Ensemble Monte Carlo for III-V and Si n-channel FinFETs considering non-equilibrium degenerate statistics and quantum-confined scattering

Abstract

Particle-based ensemble semi-classical Monte Carlo (MC) methods employ quantum corrections (QCs) to address quantum confinement and degenerate carrier populations to model tomorrow's ultra-scaled MOSFETs. Here we present new approaches to quantum confinement and carrier degeneracy effects in a three-dimensional (3D) MC device simulator, and illustrate their significance through simulation of n-channel Si and III-V FinFETs. Original contributions include our treatment of far-from-equilibrium degenerate statistics and QC-based modeling of surface-roughness scattering, as well as considering quantum-confined phonon and impurity scattering in 3D. Typical MC simulations approximate degenerate carrier populations as Fermi distributions to model the Pauli-blocking (PB) of scattering to occupied final states.

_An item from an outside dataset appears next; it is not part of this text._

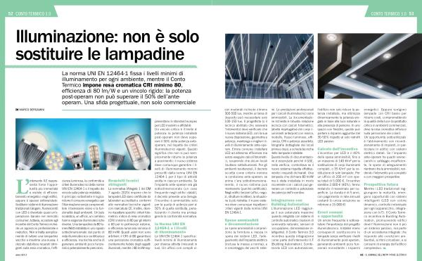 II. E rappresenta forse l’ opportunità più immediata e visibile di efficientamento energetico negli edifici, eppure è spesso sottovalutato. Sostituire i sistemi di illuminazione tradizionali( alogeni, fluorescenti) con LED è diventato quasi un’ o- perazione banale nel mercato consumer; tuttavia, accedere agli incentivi del Conto Termico richiede un approccio professionale e metodico. Non si tratta semplicemente di svitare una lampadina vecchia e inserirne una nuova: il decreto stabilisce requisiti stringenti sulla resa cromatica, l’ effi-
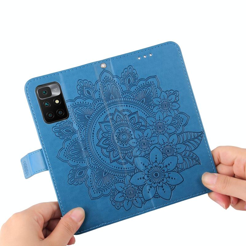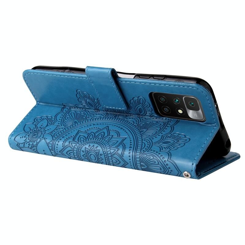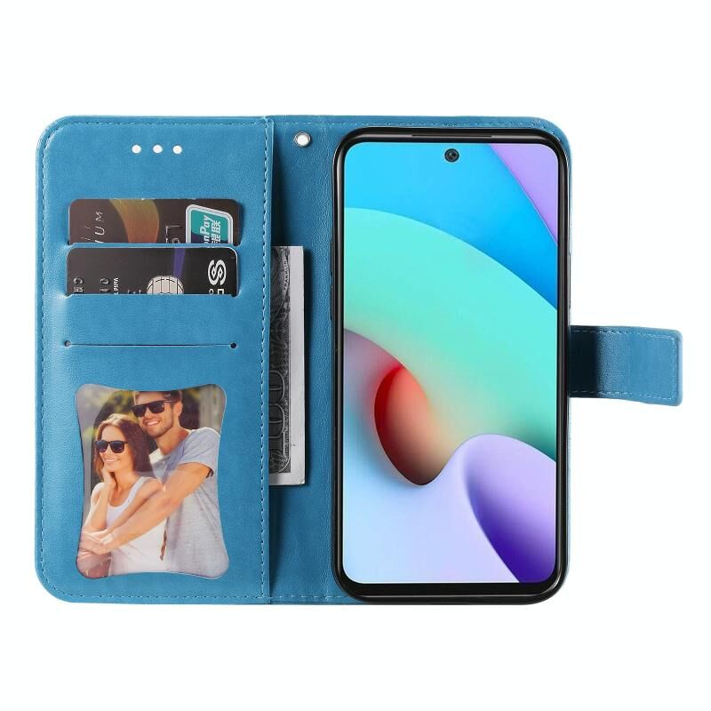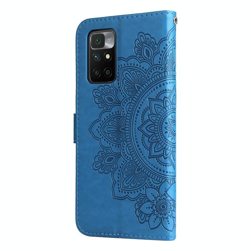 For Xiaomi Redmi 10 7-petal Flowers Embossing Pattern Horizontal Flip PU Leather Case with Holder & Card Slots & Wallet & Photo Frame(Blue)

To allow for increasingly far-from-equilibrium non-Fermi carrier distributions in ultra-scaled devices, we instead generate the final-state occupation probabilities used for PB by sampling the local carrier populations as a function of energy and energy valley. This process is aided by the use of fractional carriers or sub-carriers, which minimizes classical carrier-carrier scattering. Quantum confinement effects are addressed through quantum-correction potentials (QCPs) generated from Schr\"odinger-Poisson solvers, as commonly done. However, we use our valley- and orientation-dependent QCPs not just to redistribute carriers in real space, or even among energy valleys, but also to calculate confinement-dependent phonon, impurity, and surface-roughness scattering rates. FinFET simulations are used to illustrate how, collectively, these quantum effects can substantially reduce and even eliminate otherwise expected benefits of In0.53Ga0.47As FinFETs over otherwise identical Si FinFETs, despite higher thermal velocities in In0.53Ga0.47As.